The lines to copy run from the one containing "Apply step tread" to the last line of the entries; output those lines exactly and only them, without pictures.
=======
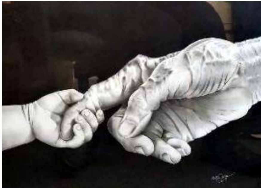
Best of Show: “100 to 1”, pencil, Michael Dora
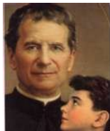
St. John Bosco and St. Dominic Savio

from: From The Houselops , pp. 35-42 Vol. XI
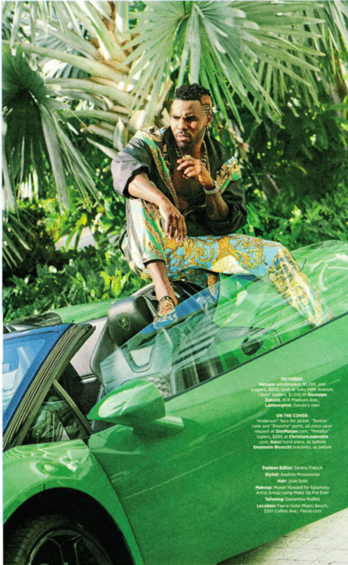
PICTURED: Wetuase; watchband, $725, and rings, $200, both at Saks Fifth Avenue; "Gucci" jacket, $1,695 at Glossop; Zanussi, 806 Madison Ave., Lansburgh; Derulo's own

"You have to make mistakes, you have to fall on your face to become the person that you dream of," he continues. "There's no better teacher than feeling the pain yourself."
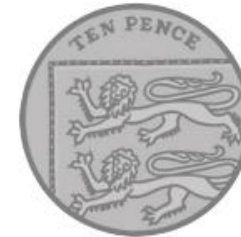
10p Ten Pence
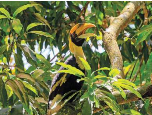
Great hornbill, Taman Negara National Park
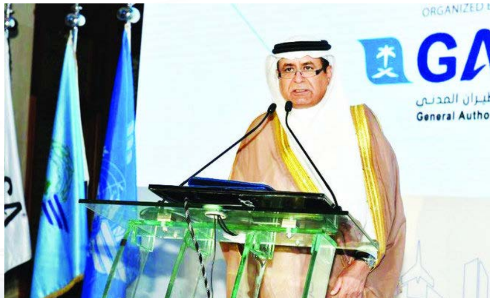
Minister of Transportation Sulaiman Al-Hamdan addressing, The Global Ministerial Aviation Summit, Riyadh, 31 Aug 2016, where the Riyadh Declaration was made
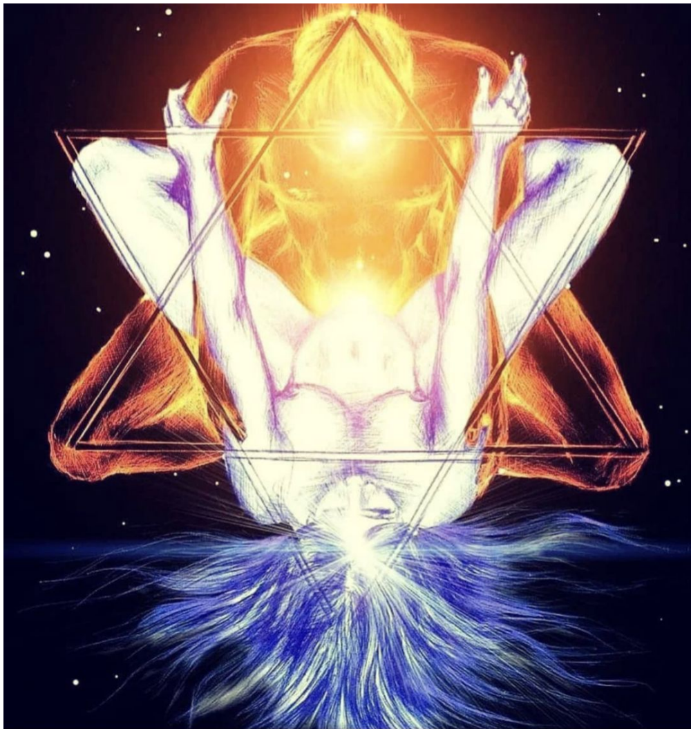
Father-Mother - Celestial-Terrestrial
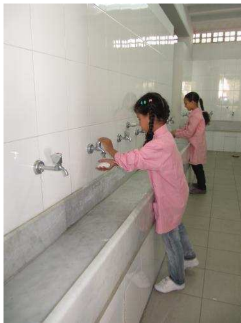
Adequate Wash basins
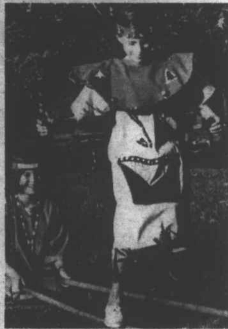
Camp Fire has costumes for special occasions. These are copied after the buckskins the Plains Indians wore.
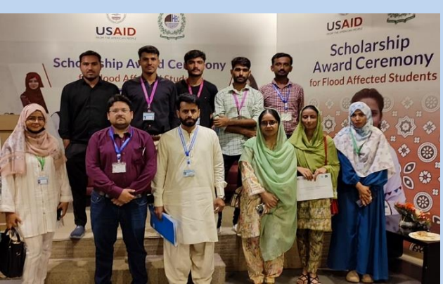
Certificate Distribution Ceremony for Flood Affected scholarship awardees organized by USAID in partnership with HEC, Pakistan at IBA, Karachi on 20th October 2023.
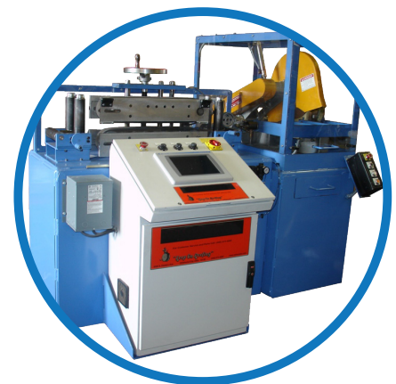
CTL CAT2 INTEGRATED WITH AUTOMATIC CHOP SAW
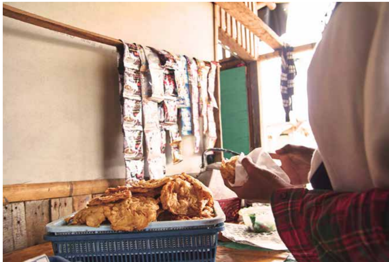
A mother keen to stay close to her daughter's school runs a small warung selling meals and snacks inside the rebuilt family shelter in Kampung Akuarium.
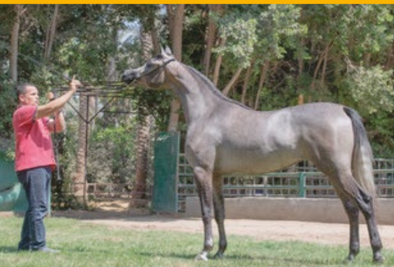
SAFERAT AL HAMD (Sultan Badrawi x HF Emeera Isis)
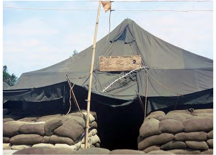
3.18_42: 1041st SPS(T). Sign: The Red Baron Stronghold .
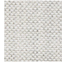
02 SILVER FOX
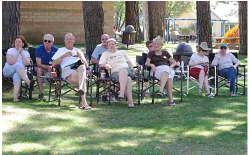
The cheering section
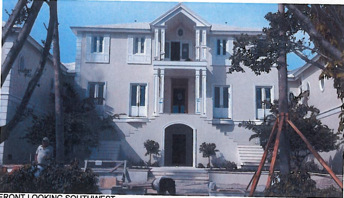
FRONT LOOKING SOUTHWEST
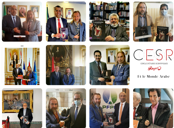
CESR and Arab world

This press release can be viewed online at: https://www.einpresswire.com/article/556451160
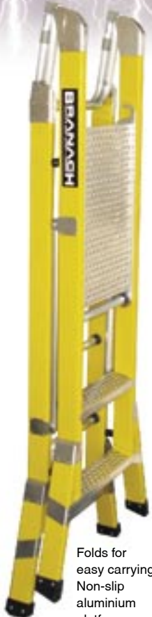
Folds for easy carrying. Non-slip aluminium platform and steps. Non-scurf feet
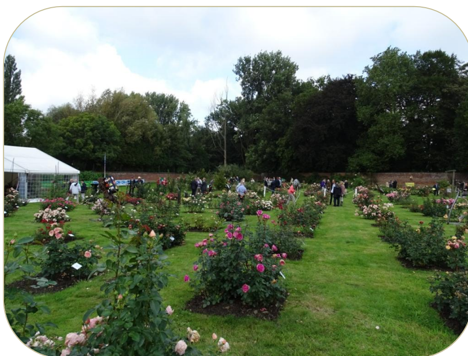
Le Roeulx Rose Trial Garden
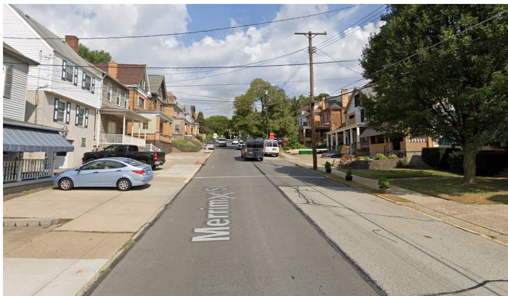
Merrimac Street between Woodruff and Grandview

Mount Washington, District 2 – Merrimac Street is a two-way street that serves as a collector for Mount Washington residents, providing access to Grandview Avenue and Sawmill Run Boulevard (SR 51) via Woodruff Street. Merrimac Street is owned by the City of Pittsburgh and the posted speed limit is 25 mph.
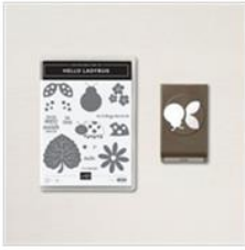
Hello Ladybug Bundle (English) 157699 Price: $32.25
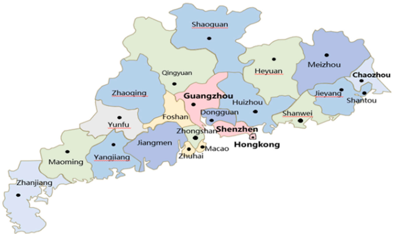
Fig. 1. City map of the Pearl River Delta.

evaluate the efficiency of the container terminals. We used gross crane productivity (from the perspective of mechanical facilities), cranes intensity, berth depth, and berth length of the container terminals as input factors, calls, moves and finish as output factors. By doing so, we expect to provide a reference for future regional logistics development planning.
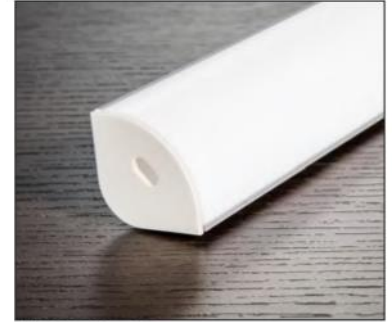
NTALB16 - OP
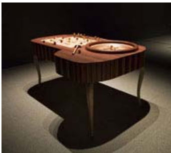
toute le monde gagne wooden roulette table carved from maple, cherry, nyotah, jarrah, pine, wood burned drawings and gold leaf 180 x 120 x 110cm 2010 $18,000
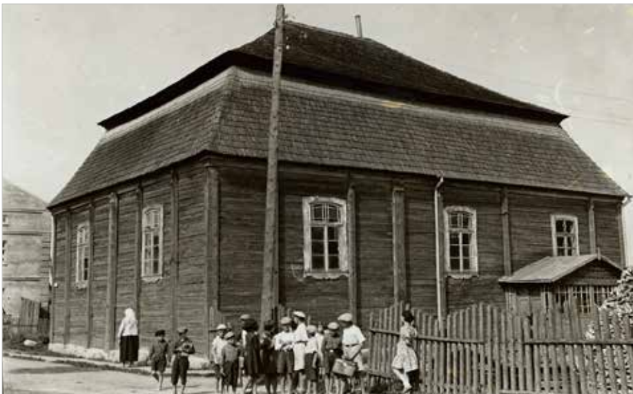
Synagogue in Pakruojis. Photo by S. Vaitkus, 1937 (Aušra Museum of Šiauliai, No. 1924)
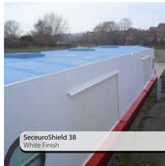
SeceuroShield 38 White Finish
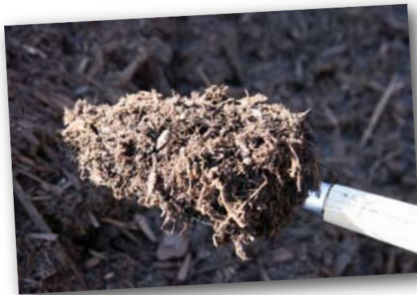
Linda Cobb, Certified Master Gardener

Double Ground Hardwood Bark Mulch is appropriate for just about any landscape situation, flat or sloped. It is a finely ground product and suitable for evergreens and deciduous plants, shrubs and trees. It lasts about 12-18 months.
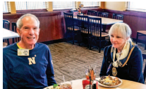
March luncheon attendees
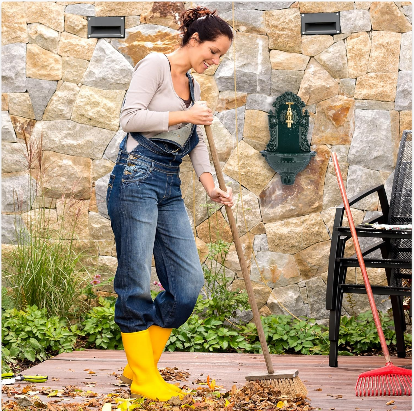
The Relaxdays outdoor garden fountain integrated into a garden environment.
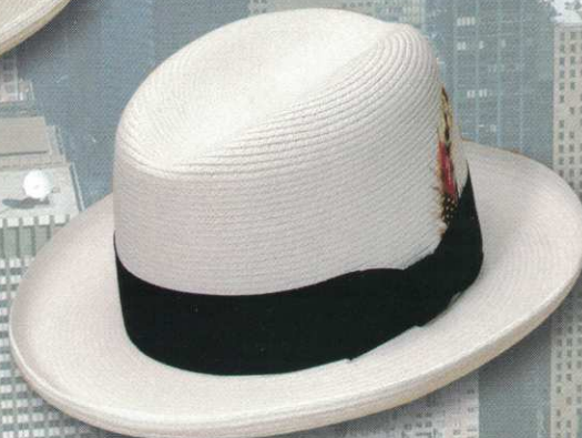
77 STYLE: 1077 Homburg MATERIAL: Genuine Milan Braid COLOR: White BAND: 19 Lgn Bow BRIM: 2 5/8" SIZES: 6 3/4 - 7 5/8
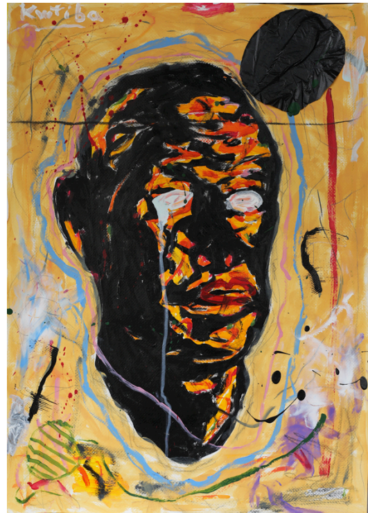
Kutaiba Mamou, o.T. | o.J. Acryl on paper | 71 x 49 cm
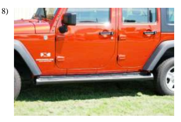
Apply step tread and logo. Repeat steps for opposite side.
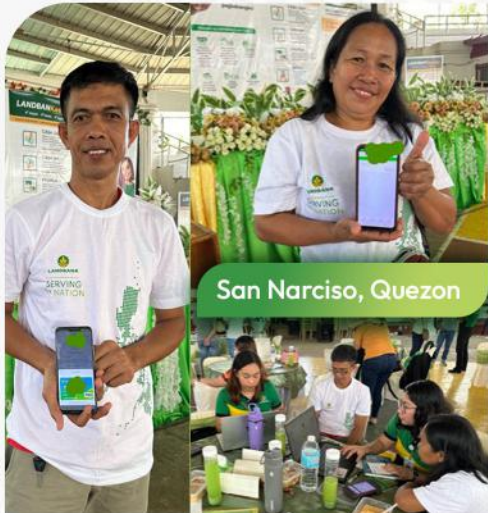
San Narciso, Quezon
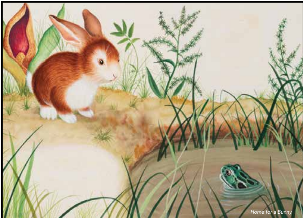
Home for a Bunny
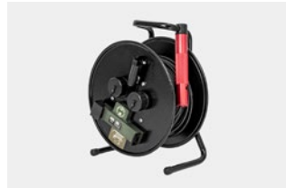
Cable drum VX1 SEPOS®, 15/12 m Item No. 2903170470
=======
Exercise output:
Apply step tread and logo. Repeat steps for opposite side.
San Narciso, Quezon
Home for a Bunny
Cable drum VX1 SEPOS®, 15/12 m Item No. 2903170470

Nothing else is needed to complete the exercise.